In yesterday’s afternoon reads, I mentioned a Boston Globe story “That guy who called the big one? Don’t listen to him.”

While it ostensibly looks at the track record of Nouriel Roubini, it isn’t really about him –its really about outliers and mean reversion in forecasting.

“How can someone with the insight to be so right about a major event be so wrong about so many other ones? According to a recent study, it’s simple: The people who successfully predict extreme events, and are duly garlanded with accolades, big book sales, and lucrative speaking engagements, don’t do so because their judgment is so sharp. They do it because it’s so bad . . .

[Oxford economist Jerker Denrell and Christina Fang of New York University] are the latest in a long line of researchers dismantling the notion that predictions are really worth anything. The most notable work in the field is “Expert Political Judgment” by Philip Tetlock of the University of Pennsylvania. Tetlock analyzed more than 80,000 political predictions ventured by supposed experts over two decades to see how well they fared as a group.

The answer: badly. The experts did about as well as chance. And the more in-demand the expert, the bolder, and thus the less accurate, the predictions. Research by a handful of others, Denrell included, suggests the same goes for economic forecasters. An accurate prediction — of an extreme event or even a series of nonextreme ones — can beget overconfidence, which can lead to making bolder and bolder bets, and thus, more and more errors . . .

There’s no great, complex explanation for why people who get one big thing right get most everything else wrong, argues Denrell. It’s simple: Those who correctly predict extreme events tend to have a greater tendency to make extreme predictions; and those who make extreme predictions tend to spend most of the time being wrong — on account of most of their predictions being, well, pretty extreme. There are few occurrences so out of the ordinary that someone, somewhere won’t have seen them coming, even if that person has seldom been right about anything else.”

Fascinating stuff, worth reading in full . . .


The Folly of Forecasting (June 2005)

The Illusory World of Economic Forecasting (September 19th, 2006)

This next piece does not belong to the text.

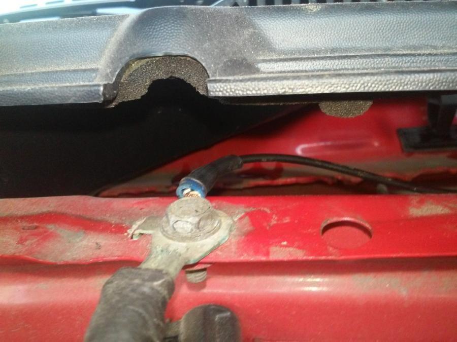 Does anyone have any idea what this loose wire is that is hanging near my battery? It hooks to a bolt going into the body and is part of another wire that then goes back inside the car to something. Somebody told me this is a ground wire for the EEC, and I need to connect a 14g or 16 wire to it and then connect it to the negative side of my battery. Something used to be connected there, because it has a blue splicer connected to it. After the wire leaves where it's connected to the body, it then leads down and around and there is another part that looks like a fuse holder and then continues onto inside the other maze of wires.

Guru Time of Year (January 2nd, 2011)

That guy who called the big one? Don’t listen to him.
Joe Keohane
Boston Globe, January 9, 2011

Category: Really, really bad calls

Please use the comments to demonstrate your own ignorance, unfamiliarity with empirical data and lack of respect for scientific knowledge. Be sure to create straw men and argue against things I have neither said nor implied. If you could repeat previously discredited memes or steer the conversation into irrelevant, off topic discussions, it would be appreciated. Lastly, kindly forgo all civility in your discourse . . . you are, after all, anonymous.

13 Responses to “Inside the Paradox of Forecasting”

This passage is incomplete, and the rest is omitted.